So You Don’t Have To: Scott on the eviction of the “porcine prosecutor” Kate from Big Brother, and the Guru on self-hating BB fans and this year’s Abu Ghraib inspired psych games.

Matilda‘s regular round ups of book reviews in papers and blogs.

Audio tapes have been a rare sight for a while but some chain in the UK has finally decided to stop stocking them which has lead to a flurry of eulogies in the British press. Shaun at Rock ‘n’ Roll Damnation waxes nostalgic on the theme too.

Who the Bloody Hell Are They with a sample of the new album from Melbourne eclectivists Architecture in Helsinki.

one plus one=three on controversies in the world of design blogs.

Across the Rooftops on the recent closure of some Melbourne music venues but “it’s not all doom and gloom.”

From the craft blogs: the wonderful world of the Basque stitch in embroidery.

Darryl Mason has a report on the first Australian indigenous bible translation.
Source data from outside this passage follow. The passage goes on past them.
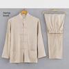 Мужской костюм Тан из хлопка и льна: Длинный рукав кардиган в китайском стиле Ханьфу из двух частей для людей среднего и пожилого возраста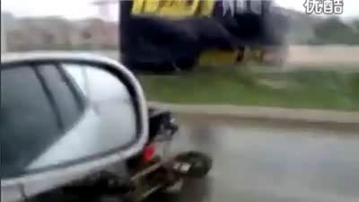 半裸出镜 国内牛人自制卡丁车雨天上路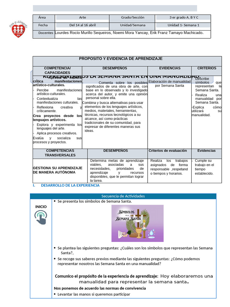 - Percibe manifestaciones base en lo observado y lo investigado Semana Santa.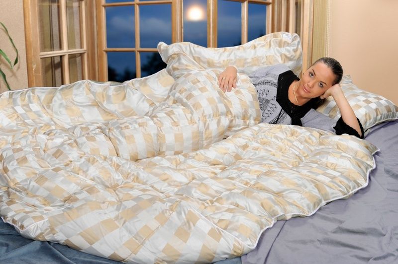 Гагачий пух лучше всех других материалов поддерживает комфортную температуру и влажность. Одеяла на гагачьем пуху хорошо согревают и позволяют влаге беспрепятственно выходить в окружающую среду. Под одеялом на гагачьем пуху вы не вспотеете, оно не затруднит ваше дыхание своим весом – такое одеяло подарит вам хороший сон. А что ещё нужно для хорошего отдыха.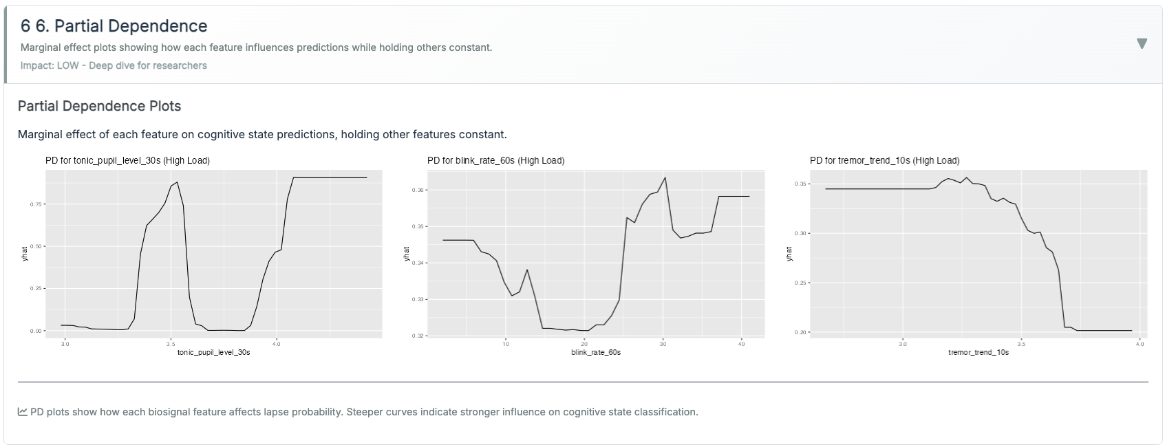 - Interpretability on contact. “High-Load confirmed (TEPR↑ + RMSSD↓)” is actionable; a confusion matrix mid-case is not.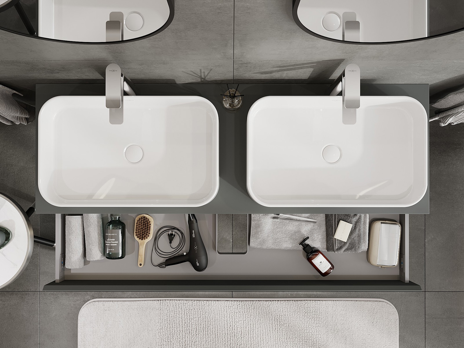Mobilierul nostru modular pentru baie poate fi combinat în diverse configurații de culori, permițând personalizarea completă. Puteți alege atât aspectul, cât și funcțiile fiecărui element, ceea ce permite adaptarea mobilierului la preferințele dvs. stilistice și funcționale.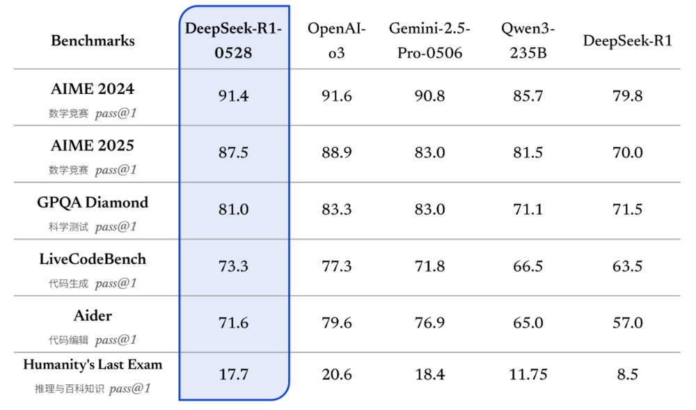 更新后的 R1 模型在数学、编程与通用逻辑等多个基准测评中取得了当前国内所有模型中首屈一指的优异成绩,并且在整体表现上已接近其他国际顶尖模型,如 o3 与 Gemini-2.5-Pro。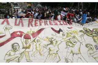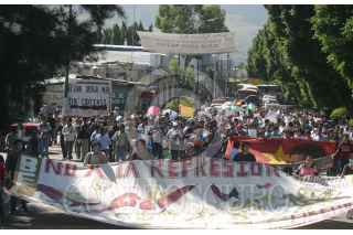 OAXACA, OAXACA, 05OCT5UBRE2006.- Estudiantes de la Universidad Autonoma Benito Juárez de Oaxca, marcharon de la universidad a el Zócalo, para la liberación de su compañero Pedro García que hace unos días fue detenido, además de exigir la renuncia del gobernador Ulises Ruíz. FOTO: MOISÉS PABLO/CUARTOSCURO.COM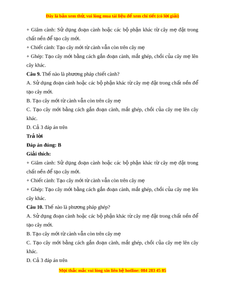Đây là bản xem th , vu ử i lòng mua tài li u ệ đ xe ể m chi ti t (c ế ó l i ờ gi i ả ) + Bư c 4: ớ Bôi ch t ấ kích thích ra rễ + Bư c 5: ớ Bao quanh v t ế c t ắ b ng gi ằ á thể + Bư c 6: ớ B c ọ kí b ng nyl ằ on Câu 7. Bư c t ớ h s ứ áu c a ủ quy trình chi t ế cành là: A. Bao quanh v t ế c t ắ b ng gi ằ á thể B. B c ọ kí b ng ằ nylon C. Bóc vỏ và c o s ạ ch ạ tư ng t ợ ng ầ D. Bôi ch t ấ kích thích ra rễ Trả l i ờ Đáp án đúng: B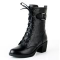 真牛皮女靴中筒靴马丁靴粗跟高跟侧拉链中筒靴纯色女靴马丁靴
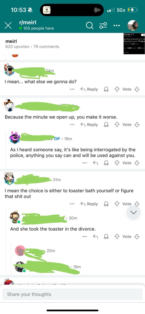 And I know it feels ridiculous to write about the problems of being a man when we’ve all been conditioned to think being a man is the best you could be, but at least hear me out. (And yes, we do raise girls to think men are the best because we raise our girls to be men’s equals rather than, eg, to be the bar that men must meet.) This is especially important for women, but men reading this will find some of their struggles recognized here.

Though I’m not religious, this is interesting, inspiring stuff.

T.S.S

(troppo sports stadium)

Scott ponders the fate of Kim Hughes, that great example of wasted talent who wilted against the West Indies in their pomp:

Indeed when you think back to some of Hughes’ most arrogant and breathtaking shots, on that grim Boxing Day 25 years ago, one can only weep at the talent that went to waste. Had burdens not been placed on his shoulders too soon, had there been a senior figure to counsel and to warn, and had Hughes been willing to listen to him, then there might have been many more memories then what there are. Hughes’ story should not be forgotten, because it should never happen again.

Mad, Bad, Sad and Glad

Xander and Nico ask if it’s just them, or is everything just shit; their encomia on bitching in the modern world is indeed laugh-inducing. Jacques at Troppo, meanwhile, wonders if his entire life is online for the world to see, and suggests that those who expect aspiring pollies and public figures to be purer than the driven snow to get over it, and fast. On the subject of snow, Barista discovers an almost snow-coloured wallaby. In Salt Lake City, Utah.

  1. Etc., etc.[]
  2. according to Shaun[]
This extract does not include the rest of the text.